Embrace a Fresh Start This Fall: Why Under-committing to Activities Leads to Balance and Peace of Mind
Fall brings a whirlwind of activities for school, home, church, and other areas. You may already be feeling a bit anxious about all that coming up. This fall set the stage for more intentional living by reassessing commitments and having less to do. Now is the time for understanding overcommitment and the negative impacts of overcommitting on mental health and productivity.
Signs of overcommitment
There are many signs that you are overcommitting. For you, looking at your calendar you see no white space. There are no time blocks for preparation for meetings. You feel irritable attending a meeting because you have too much to do. Your home has become a drop zone, with many filled bags waiting for items to be put away. For your kiddos, they are resistant to activities because they are tired. Their rooms have become cluttered. They go to bed late because activities fill their days to the brim. Overcommitment has an impact on mental health and getting stuff done.

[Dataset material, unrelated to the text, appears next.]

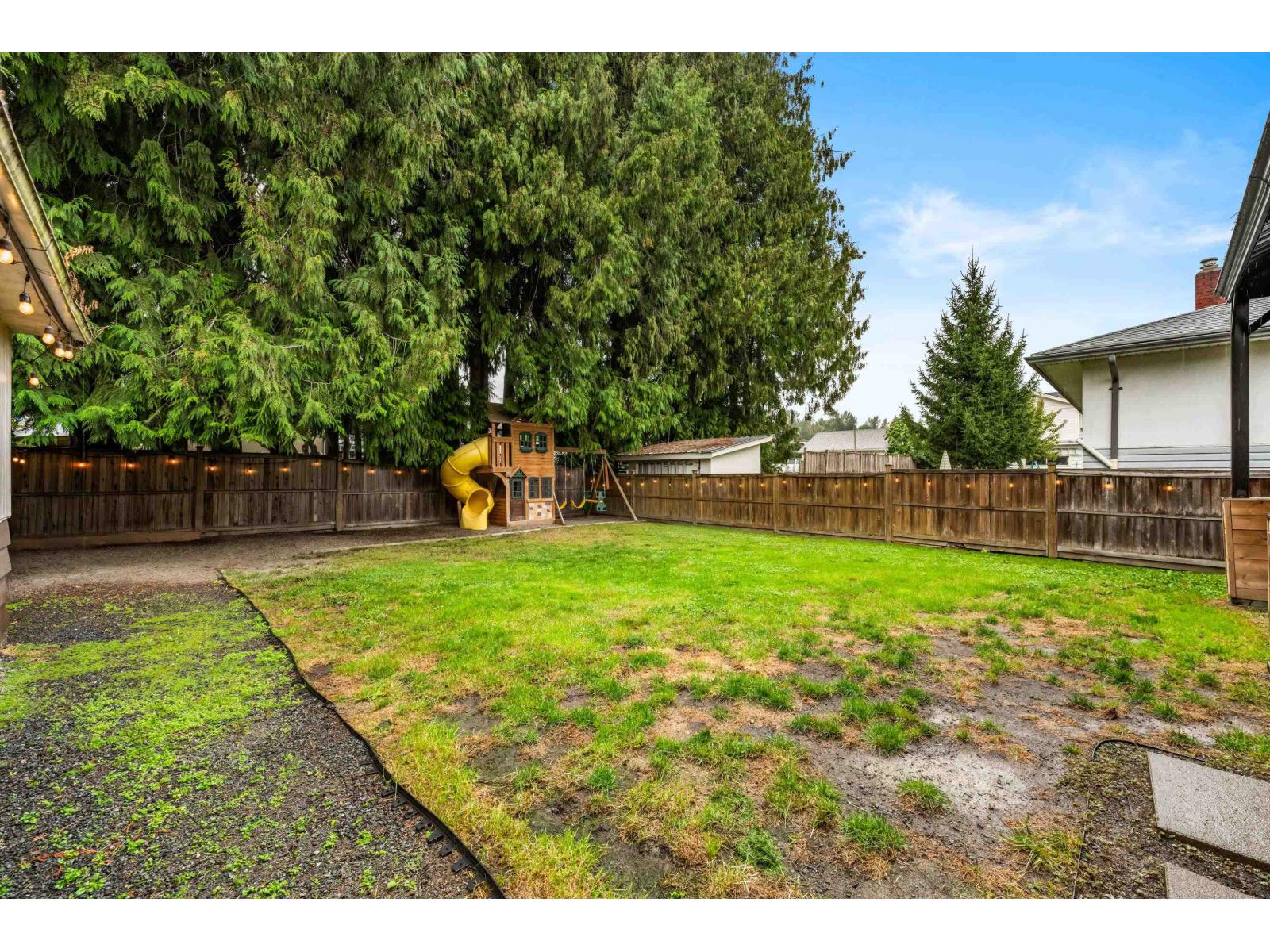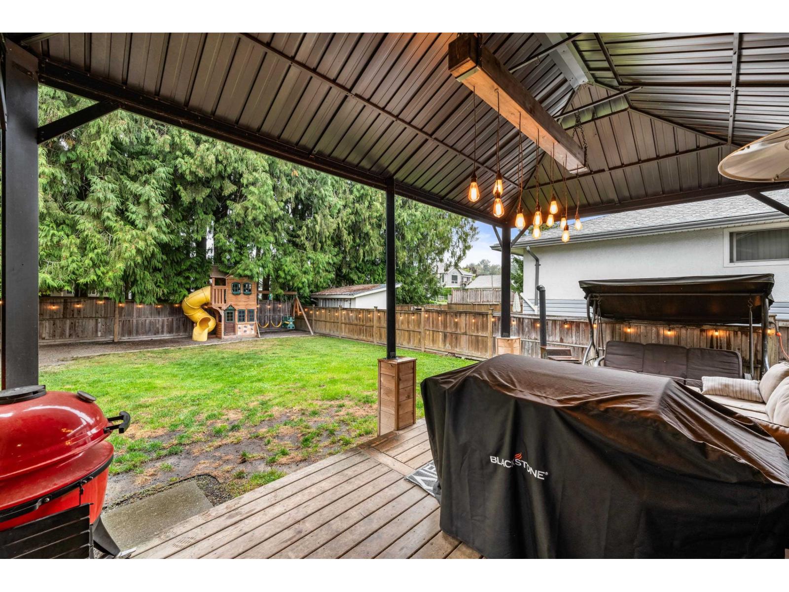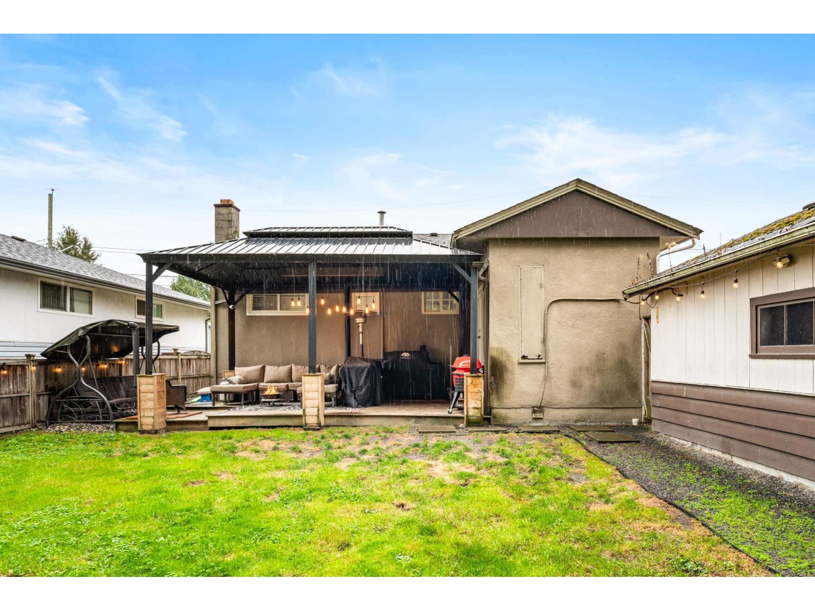 Perfect for first-time buyers & young families! This charming move-in ready home sits on a quiet, family-friendly cul-de-sac just mins from vibrant Downtown Chilliwack. The large lot features fresh landscaping, new fencing, a patio, gazebo & playset, w/ mature trees for privacy & curb appeal galore. Inside, the bright main floor offers a spacious living room, open dining area & refreshed white kitchen w/ subway tile & ample cabinetry. Two generous bedrooms & a fully updated 4-pc bath complete the level. Extensive professional upgrades include new pot lighting, fixtures, appliances, hot water tank, AC, bathroom vanities, finished basement & even an integrated air purifier. Detached garage adds storage, workshop, or parking flexibility. A stylish starter home w/ all the big updates done! (id:44393)

Benefits of under-committing
To begin to reassess, you must first know the benefits of this change. The most beneficial aspect of under-committing is the increase in focus and well-being. With less to do on any day, there is always less stress. You will feel more balanced by having time to do what you love, as well as what you are required to do. You will be able to concentrate more without having to get so much completed. Having a better work-life balance comes from having unscheduled time. Jot down a few of your reasons for why to undercommit this year and clear out your schedule.
Getting started
First, it is best to evaluate your current commitments. What are the essential and non-essential activities you are committed to? What is essential to your values? Are your commitments supporting what you know to be best for you and your family? What is the true impact and what is required? Are your commitments bringing in funds that support your family’s values? Answering these questions allows you to weigh in on your commitments. Write out this list and prioritize. There are no right or wrong answers, but you will know what is best for you and your family. There are many great activities but at times we have to stagger commitments to keep our time better balanced.
Strategies for under committing
Now that you have evaluated and prioritized your commitments, it is time to learn and reinforce what you know to be true about commitments. Now that you are working toward your priorities, it is time for you to set boundaries for yourself. It is easy to over-commit without this. A boundary for yourself might be creating rules about how many activities you or your kiddos are in at any given time. For some families that is one sport for each kiddo for each season. Other parents choose to take a large volunteer role instead of many small commitments. You know best what works for yourself and your family. Find a rule that works well for saying “no” such as, “I have to check my calendar first.” Creating a pause before saying yes helps you assess. Your goal is a realistic, manageable schedule that incorporates self-care.
Maintaining balance
The key to consistent balance is regularly assessing and re-assessing commitments. As commitments change throughout the year, be mindful of your new rules for commitment. It is crucial to your schedule to regularly assess your commitments in order to stay in balance. Assess your commitments during your weekly planning time.
Take time before the fall to be mindful of this year’s commitments. You will have more joy in the responsibilities you choose by prioritizing and under-committing.
I’ve gotten better at this over time, but it isn’t easy. I have a visceral reaction to those days when I look at my calendar and see no white space. I feel I need to rally my energy to get through. In contrast, days with lots of white space feel luxurious, so I get what you mean about feeling more peaceful.
One thing I realized a couple of years ago is that I shouldn’t just automatically “resignup” for things. Just because I took part in a certain group, activity, or volunteer role in a previous year doesn’t mean I need to do it again. I make myself stop and ask myself if this is right for me this year. Just a touch of mindfulness before I dive in!
The timing of this message is perfect. Even though summer isn’t officially over yet, I can feel the days getting fuller and more commitments arising. Without regularly evaluating priorities, time, and commitments, it’s easy to become over-committed. And that never feels good.
Knowing your boundaries and having some language around saying no is helpful. I like your suggestion about checking your calendar before responding to a request. As you said, it gives you a slight pause to reflect before experiencing the regret of overcommitting.
Gone are the days of automatically doing anything. Our culture right now seems to be evaluating all commitments. I am glad you are finding this helpful for your peace of mind too!
Being proactive about our commitments makes us think about our level of commitment and reason behind the commitment. Glad you are pausing too!